I have a love/hate relationship with writing. I am pretty proud of myself when I finish a piece that I tried my best on, but I absolutely dread diving into a review. I will clean the kitchen to immaculateness, or run 12 miles on the treadmill just to avoid starting an assignment. (My average mileage equals…four.) So, the hardest guidance/mandatory requirement to swallow this semester has been to “set a schedule, and blog often. Posting with [regularity] will be tough,” an article entitled “How to Blog” declared, “you’ve got other things to do, and writing is a daunting task for most people. But blogging, like exercise, gets easier with practice. The more often you do it, the less onerous it’ll feel, and at some point you may even grow to like it.” Writing has not become a completely torture-less endeavor, but towards the end of the semester, I wasn’t killing myself on the treadmill or scrubbing the kitchen counters nearly as much.

When starting a review, I try to give my audience a short, and hopefully interesting overview of who I am, and where I am coming from as a commentator on a exhibit, an article, a movie, etc. If I had never been to a college choir performance before, and was now about to critique my first show (like I was in my review of the Vocal Jazz Ensemble/Jazz Pop Choir concert), I think I owe it to my audience to let them know—not because my greenness to a certain topic should discredit my opinions, but because it might help to understand why I had certain observations. However, while it is important to be aware of one’s past experiences or predispositions, it’s equally important to not let these predispositions dictate a review. A review is “my take” on an event, but I should look at every event with an unbiased eye. If I’ve hated (or adored) a genre in the past, I should address this, but then make it a point to critique an event without those earlier sentiments tainting my review.
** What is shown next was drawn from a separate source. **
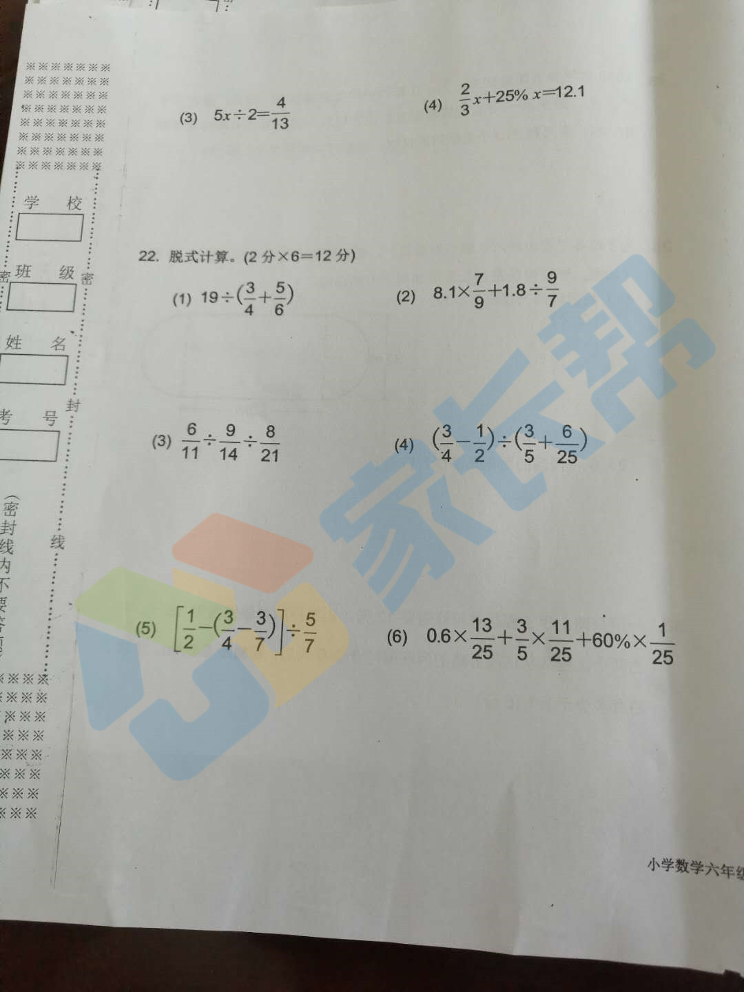 2019年武汉市青山区小学六年级数学期末卷(图片版)(5)

As Laura Kipnis, a feminist, admitted in her essay, “(Male) Desire and (Female) Disgust: Reading Hustler,” “I have, in fact, wanted to write this essay [about Hustler] for many years, but every time I trudge out to buy the latest issue, open it and begin to try to bring analytical powers to bear upon it, I am just so disgusted that I give up, never quite sure this automatic response is one of feminist disgust or bourgeois disgust.” Her struggle (which she did overcome) to write a thoughtful piece on a subject that she has always despised, demonstrates one of the most difficult, but essential things a valued reviewer must do—examine, from all angles, the pros and cons of a piece, and why it is successful or unsuccessful to what type of audience(s) and why. As a reviewer, I believe, I must state who I think would appreciate my subject or who would not, and why—I must not simply determine whether a subject was good or bad based on my own tastes.

In my reviews, I also want to appear relatable, easy-going and friend-like to my readers, so that they feel that they can trust my experiences. But, earlier in the semester, my reviews were centered too much on me. Because, yes, I was much more comfortable writing about or parodying myself than I was evaluating external subject matter. I think I managed to tone-down this habit over time. I have tried to remember the advice given in the article “How to Blog,” which insists, “write casually, but clearly. Write quickly, and a good way to write quickly is to write as if you’re talking to a friend. Also remember that your readers want you to get to the point. Be clear, not cryptic.” I had to realize that although I might think my personal stories are amusing, a reader did not scan my review of a gallery exhibit to hear a chunk of my life story.

I feel that I grew the most as a reviewer at the previously mentioned choir concert that I attended. As I was sitting in the audience, with my notepad and pen, I started getting really excited when I became aware of little details (like the director playfully hiding the microphone from soloists), that if I was simply an attendee of the event, I would have forgot about, or probably not have detected. I started feeling like it was actually fun (not a chore) to search for details that would make my review unique.

In our class, I have learned to be an unbiased, clear, witty, and concise (but thoughtfully detailed) reviewer of the arts.